Military Law
Top military lawyers are fired; will replacements allow more aggressive battlefield approach?
Secretary of Defense Pete Hegseth speaks during a press conference in Poland on Feb. 14. (Photo by Jakub Porzycki/NurPhoto via the Associated Press)
The secretary for the U.S. Department of Defense is looking for new judge advocates general for the Army, the Navy and the Air Force, he said in an announcement Friday.

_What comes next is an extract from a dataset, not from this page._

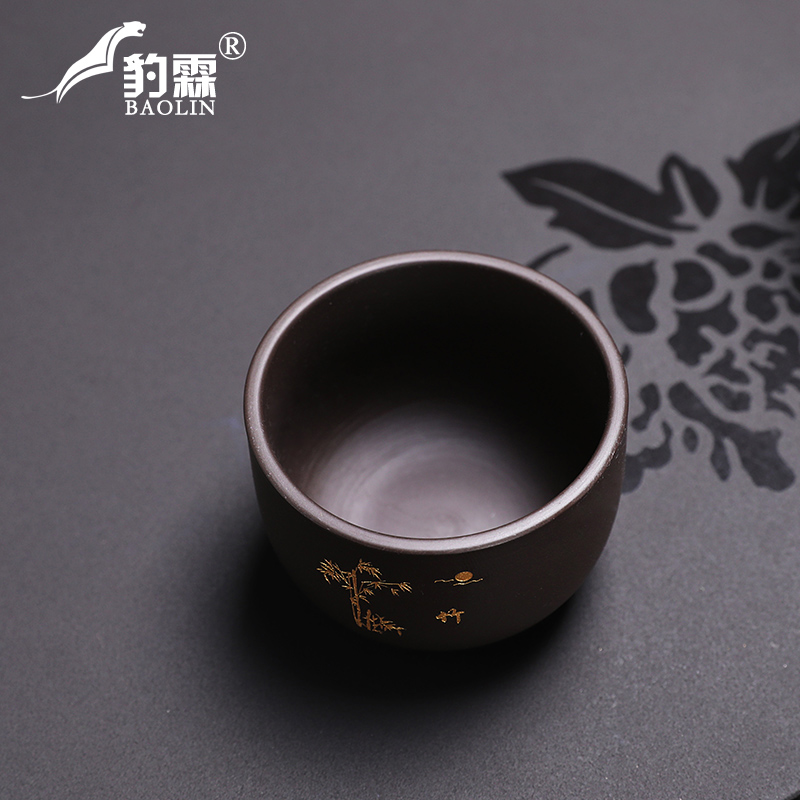 Single teacup-Purple Sand single teacup-Anti-mouth to successful single teacup-Fukong cup single cup-Black sand glaze 01 diesel fired manual thread 60ml antimouth cup-Yahblack

Secretary of Defense Pete Hegseth fired the lawyers currently in those top JAG positions, the New York Times reports, representing “an opening salvo in his push to remake the military into a force that is more aggressive on the battlefield and potentially less hindered by the laws of armed conflict.”
Commenting Friday on X, formerly known as Twitter, Rosa Brooks, a professor at the Georgetown University Law Center, said firing the top lawyers is “what you do when you’re planning to break the law: You get rid of any lawyers who might try to slow you down.”
On Fox News Sunday, Hegseth was asked for his response to Brooks, report Law & Crime and the Daily Beast.
“We want lawyers who give sound constitutional advice and don’t exist to attempt to be roadblocks to anything that happens in their spots,” he said.
The New York Times identified the fired lawyers as Lt. Gen. Joseph B. Berger III, Air Force Lt. Gen. Charles Plummer and Rear Adm. Lia M. Reynolds.